*Problem:* Below are records to reproduce in full; copy them exactly but keep the pictures out.

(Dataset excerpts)
--------------------

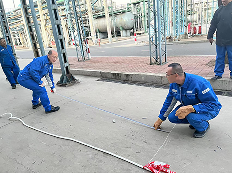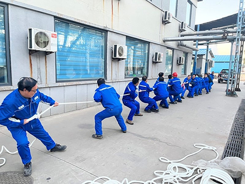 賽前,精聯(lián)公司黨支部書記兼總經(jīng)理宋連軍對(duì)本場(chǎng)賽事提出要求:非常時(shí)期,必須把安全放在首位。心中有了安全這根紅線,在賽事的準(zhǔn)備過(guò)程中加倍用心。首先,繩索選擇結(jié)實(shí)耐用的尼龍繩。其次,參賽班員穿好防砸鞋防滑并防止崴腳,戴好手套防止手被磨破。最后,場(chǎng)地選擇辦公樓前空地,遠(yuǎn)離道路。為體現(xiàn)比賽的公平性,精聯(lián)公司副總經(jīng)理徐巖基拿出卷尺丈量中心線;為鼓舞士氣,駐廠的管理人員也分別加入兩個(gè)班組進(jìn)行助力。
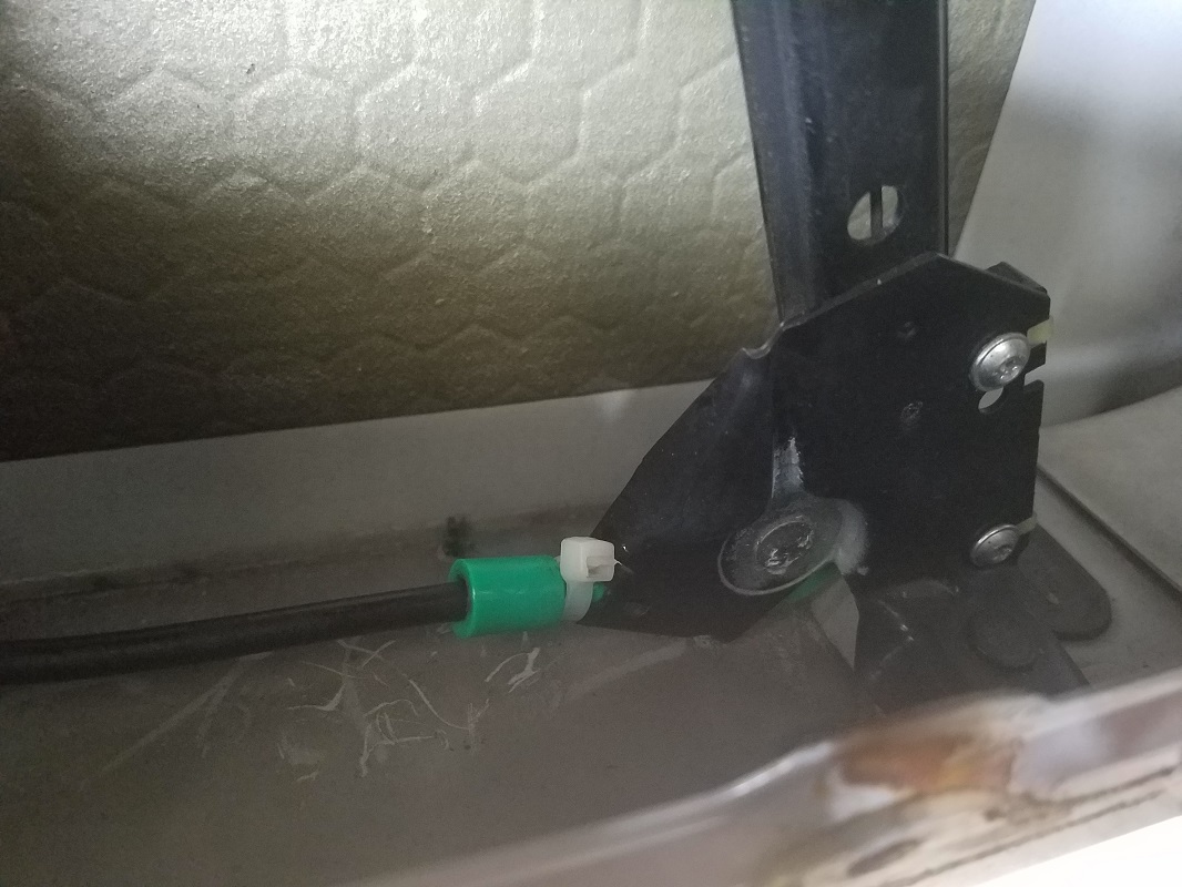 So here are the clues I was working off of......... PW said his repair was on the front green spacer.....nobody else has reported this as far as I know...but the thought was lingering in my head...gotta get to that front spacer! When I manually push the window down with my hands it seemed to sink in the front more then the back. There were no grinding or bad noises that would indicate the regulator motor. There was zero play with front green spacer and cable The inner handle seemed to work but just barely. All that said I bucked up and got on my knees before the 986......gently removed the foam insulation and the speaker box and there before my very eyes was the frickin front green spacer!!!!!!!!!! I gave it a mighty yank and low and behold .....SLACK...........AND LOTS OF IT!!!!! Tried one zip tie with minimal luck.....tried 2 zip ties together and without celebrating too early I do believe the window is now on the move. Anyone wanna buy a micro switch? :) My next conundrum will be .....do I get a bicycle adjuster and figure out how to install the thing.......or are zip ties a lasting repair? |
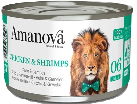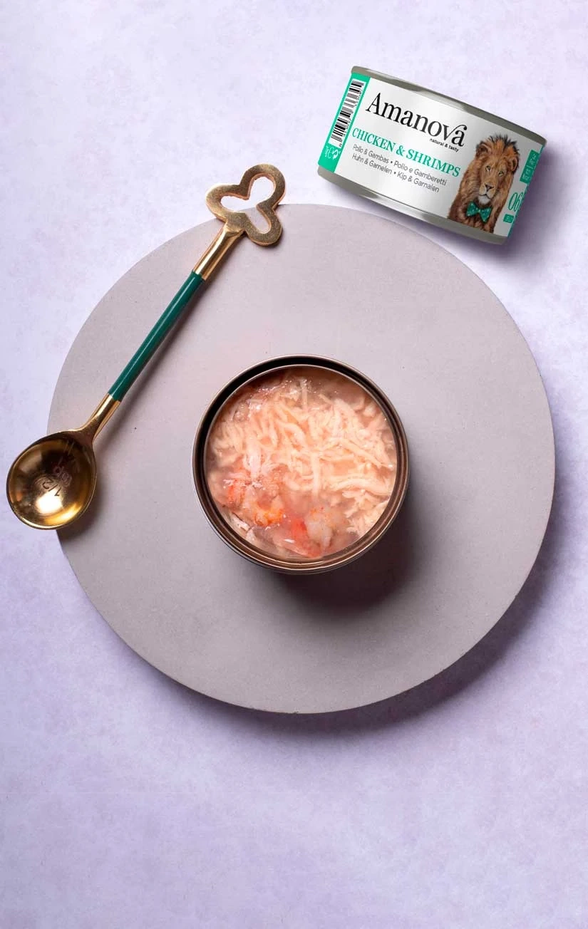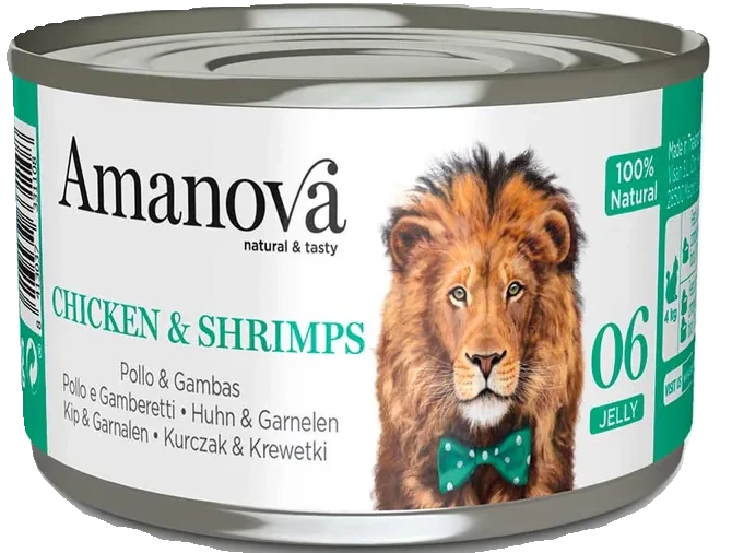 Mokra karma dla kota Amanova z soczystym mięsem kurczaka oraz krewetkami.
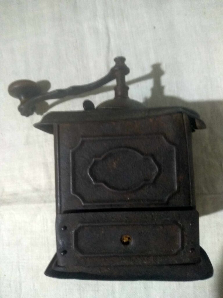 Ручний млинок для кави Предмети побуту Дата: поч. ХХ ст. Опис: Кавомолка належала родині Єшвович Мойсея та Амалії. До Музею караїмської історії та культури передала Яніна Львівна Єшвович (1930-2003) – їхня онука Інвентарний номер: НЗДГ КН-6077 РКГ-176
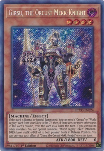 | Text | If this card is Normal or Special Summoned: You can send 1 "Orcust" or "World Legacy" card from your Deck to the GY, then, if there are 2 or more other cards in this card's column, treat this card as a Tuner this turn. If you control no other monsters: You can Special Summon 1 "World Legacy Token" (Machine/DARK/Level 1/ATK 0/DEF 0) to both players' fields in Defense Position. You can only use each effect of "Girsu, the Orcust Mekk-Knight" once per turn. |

--------------------

*Result:*
 賽前,精聯(lián)公司黨支部書記兼總經(jīng)理宋連軍對(duì)本場(chǎng)賽事提出要求:非常時(shí)期,必須把安全放在首位。心中有了安全這根紅線,在賽事的準(zhǔn)備過(guò)程中加倍用心。首先,繩索選擇結(jié)實(shí)耐用的尼龍繩。其次,參賽班員穿好防砸鞋防滑并防止崴腳,戴好手套防止手被磨破。最后,場(chǎng)地選擇辦公樓前空地,遠(yuǎn)離道路。為體現(xiàn)比賽的公平性,精聯(lián)公司副總經(jīng)理徐巖基拿出卷尺丈量中心線;為鼓舞士氣,駐廠的管理人員也分別加入兩個(gè)班組進(jìn)行助力。
 So here are the clues I was working off of......... PW said his repair was on the front green spacer.....nobody else has reported this as far as I know...but the thought was lingering in my head...gotta get to that front spacer! When I manually push the window down with my hands it seemed to sink in the front more then the back. There were no grinding or bad noises that would indicate the regulator motor. There was zero play with front green spacer and cable The inner handle seemed to work but just barely. All that said I bucked up and got on my knees before the 986......gently removed the foam insulation and the speaker box and there before my very eyes was the frickin front green spacer!!!!!!!!!! I gave it a mighty yank and low and behold .....SLACK...........AND LOTS OF IT!!!!! Tried one zip tie with minimal luck.....tried 2 zip ties together and without celebrating too early I do believe the window is now on the move. Anyone wanna buy a micro switch? :) My next conundrum will be .....do I get a bicycle adjuster and figure out how to install the thing.......or are zip ties a lasting repair? |
 Mokra karma dla kota Amanova z soczystym mięsem kurczaka oraz krewetkami.
 Ручний млинок для кави Предмети побуту Дата: поч. ХХ ст. Опис: Кавомолка належала родині Єшвович Мойсея та Амалії. До Музею караїмської історії та культури передала Яніна Львівна Єшвович (1930-2003) – їхня онука Інвентарний номер: НЗДГ КН-6077 РКГ-176
 | Text | If this card is Normal or Special Summoned: You can send 1 "Orcust" or "World Legacy" card from your Deck to the GY, then, if there are 2 or more other cards in this card's column, treat this card as a Tuner this turn. If you control no other monsters: You can Special Summon 1 "World Legacy Token" (Machine/DARK/Level 1/ATK 0/DEF 0) to both players' fields in Defense Position. You can only use each effect of "Girsu, the Orcust Mekk-Knight" once per turn. |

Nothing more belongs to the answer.